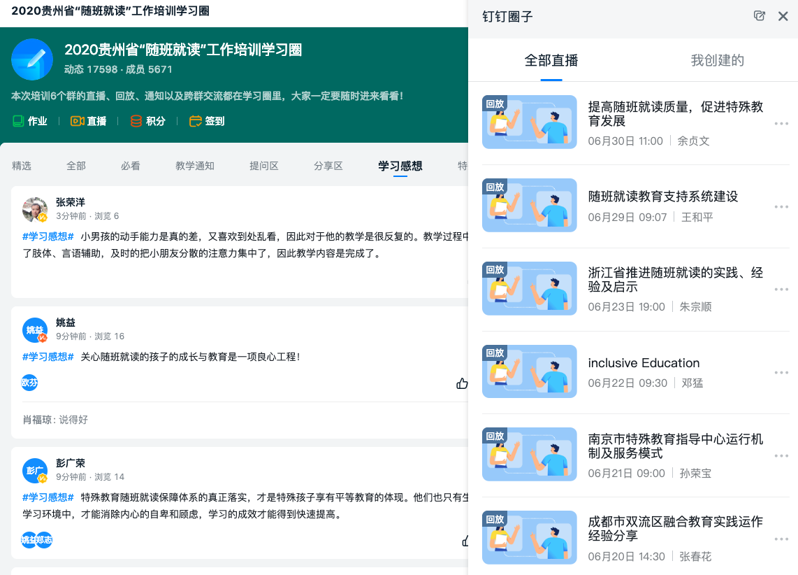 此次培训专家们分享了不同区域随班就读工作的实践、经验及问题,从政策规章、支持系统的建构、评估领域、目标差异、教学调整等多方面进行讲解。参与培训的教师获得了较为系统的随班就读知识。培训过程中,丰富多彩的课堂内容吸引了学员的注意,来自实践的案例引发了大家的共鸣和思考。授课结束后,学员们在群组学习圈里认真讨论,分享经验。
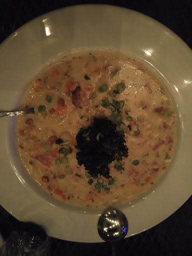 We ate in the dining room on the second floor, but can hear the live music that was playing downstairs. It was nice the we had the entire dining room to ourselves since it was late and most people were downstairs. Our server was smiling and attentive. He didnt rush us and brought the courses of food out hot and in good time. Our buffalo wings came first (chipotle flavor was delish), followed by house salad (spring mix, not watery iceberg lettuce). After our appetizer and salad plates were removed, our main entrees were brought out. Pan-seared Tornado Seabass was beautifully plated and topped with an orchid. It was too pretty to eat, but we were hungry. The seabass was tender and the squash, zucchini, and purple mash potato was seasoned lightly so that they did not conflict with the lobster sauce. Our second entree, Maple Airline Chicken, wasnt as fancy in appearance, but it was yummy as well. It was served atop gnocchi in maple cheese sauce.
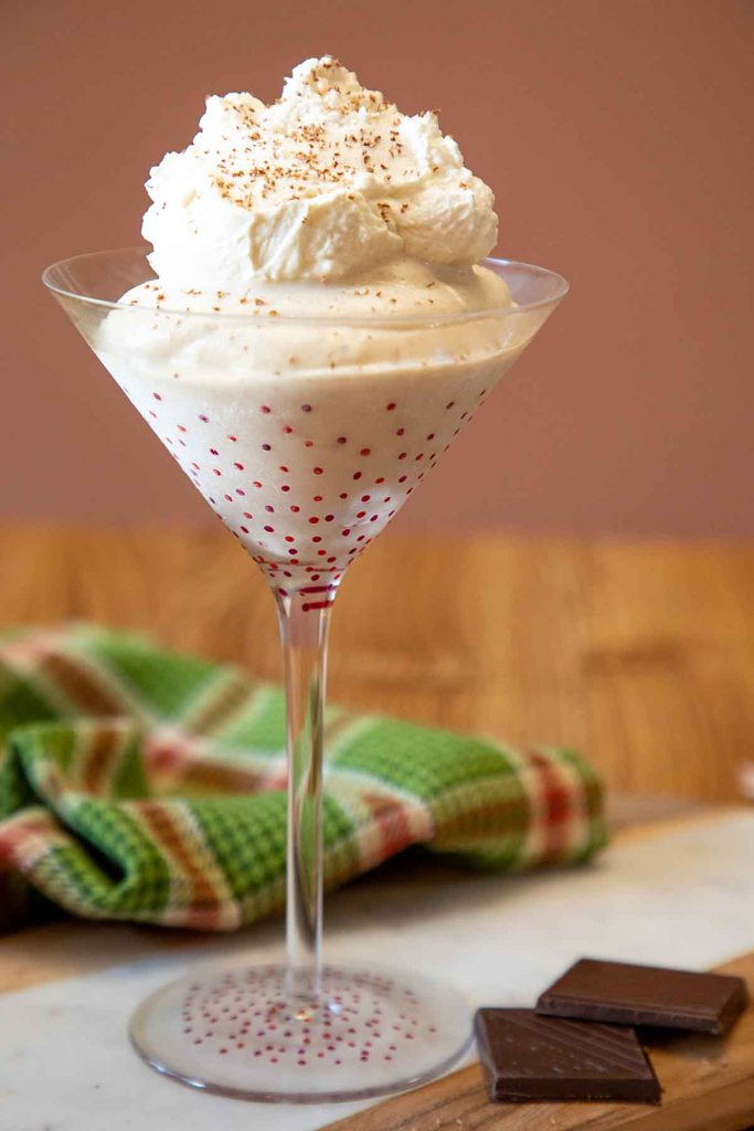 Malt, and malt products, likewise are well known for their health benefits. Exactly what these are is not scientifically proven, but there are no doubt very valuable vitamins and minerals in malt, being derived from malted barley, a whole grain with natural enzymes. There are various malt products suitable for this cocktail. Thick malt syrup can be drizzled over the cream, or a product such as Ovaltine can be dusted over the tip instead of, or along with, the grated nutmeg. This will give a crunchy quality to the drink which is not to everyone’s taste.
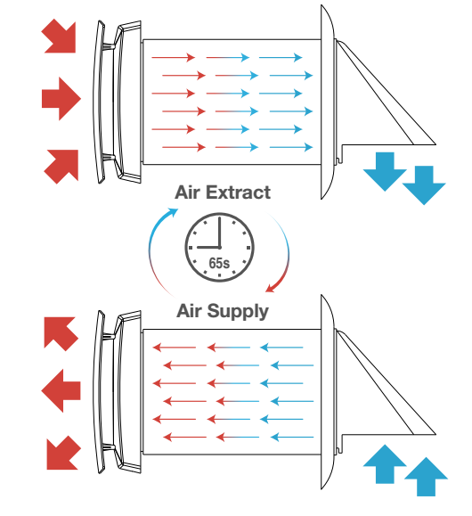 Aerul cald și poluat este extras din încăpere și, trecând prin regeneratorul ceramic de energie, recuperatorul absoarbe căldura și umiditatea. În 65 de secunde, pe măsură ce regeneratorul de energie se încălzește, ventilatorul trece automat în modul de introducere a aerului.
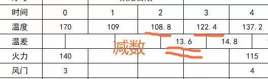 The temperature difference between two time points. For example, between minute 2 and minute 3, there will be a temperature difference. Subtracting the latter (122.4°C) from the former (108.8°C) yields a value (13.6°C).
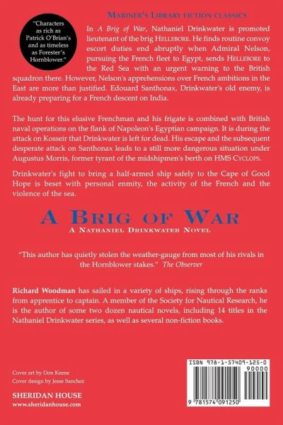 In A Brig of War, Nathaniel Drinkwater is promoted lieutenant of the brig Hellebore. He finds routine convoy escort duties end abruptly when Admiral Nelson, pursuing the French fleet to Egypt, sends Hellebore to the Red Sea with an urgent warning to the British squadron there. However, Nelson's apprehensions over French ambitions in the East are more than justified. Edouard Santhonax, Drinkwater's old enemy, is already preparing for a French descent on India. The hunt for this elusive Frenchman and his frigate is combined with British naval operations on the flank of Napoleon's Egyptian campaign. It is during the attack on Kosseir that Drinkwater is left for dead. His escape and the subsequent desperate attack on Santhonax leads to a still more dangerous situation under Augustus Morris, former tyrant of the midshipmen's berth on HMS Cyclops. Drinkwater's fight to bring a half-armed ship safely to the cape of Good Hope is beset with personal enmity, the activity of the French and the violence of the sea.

***

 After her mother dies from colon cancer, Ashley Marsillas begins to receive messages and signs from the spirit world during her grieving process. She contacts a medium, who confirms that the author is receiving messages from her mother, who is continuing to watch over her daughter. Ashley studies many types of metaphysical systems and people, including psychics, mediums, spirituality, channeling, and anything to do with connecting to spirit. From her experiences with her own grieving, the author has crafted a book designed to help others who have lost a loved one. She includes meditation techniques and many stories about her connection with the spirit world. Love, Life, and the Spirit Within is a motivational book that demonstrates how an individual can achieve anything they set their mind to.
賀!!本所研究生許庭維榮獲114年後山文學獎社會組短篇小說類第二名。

***

EXERCISE DETAILS: From the records above, copy only the lines running from the line containing "此次培训专家们分享了不同区域" to the line containing "Malt, and malt", both ends included. Leave the pictures out.

ANSWER BOX:
 此次培训专家们分享了不同区域随班就读工作的实践、经验及问题,从政策规章、支持系统的建构、评估领域、目标差异、教学调整等多方面进行讲解。参与培训的教师获得了较为系统的随班就读知识。培训过程中,丰富多彩的课堂内容吸引了学员的注意,来自实践的案例引发了大家的共鸣和思考。授课结束后,学员们在群组学习圈里认真讨论,分享经验。
 We ate in the dining room on the second floor, but can hear the live music that was playing downstairs. It was nice the we had the entire dining room to ourselves since it was late and most people were downstairs. Our server was smiling and attentive. He didnt rush us and brought the courses of food out hot and in good time. Our buffalo wings came first (chipotle flavor was delish), followed by house salad (spring mix, not watery iceberg lettuce). After our appetizer and salad plates were removed, our main entrees were brought out. Pan-seared Tornado Seabass was beautifully plated and topped with an orchid. It was too pretty to eat, but we were hungry. The seabass was tender and the squash, zucchini, and purple mash potato was seasoned lightly so that they did not conflict with the lobster sauce. Our second entree, Maple Airline Chicken, wasnt as fancy in appearance, but it was yummy as well. It was served atop gnocchi in maple cheese sauce.
 Malt, and malt products, likewise are well known for their health benefits. Exactly what these are is not scientifically proven, but there are no doubt very valuable vitamins and minerals in malt, being derived from malted barley, a whole grain with natural enzymes. There are various malt products suitable for this cocktail. Thick malt syrup can be drizzled over the cream, or a product such as Ovaltine can be dusted over the tip instead of, or along with, the grated nutmeg. This will give a crunchy quality to the drink which is not to everyone’s taste.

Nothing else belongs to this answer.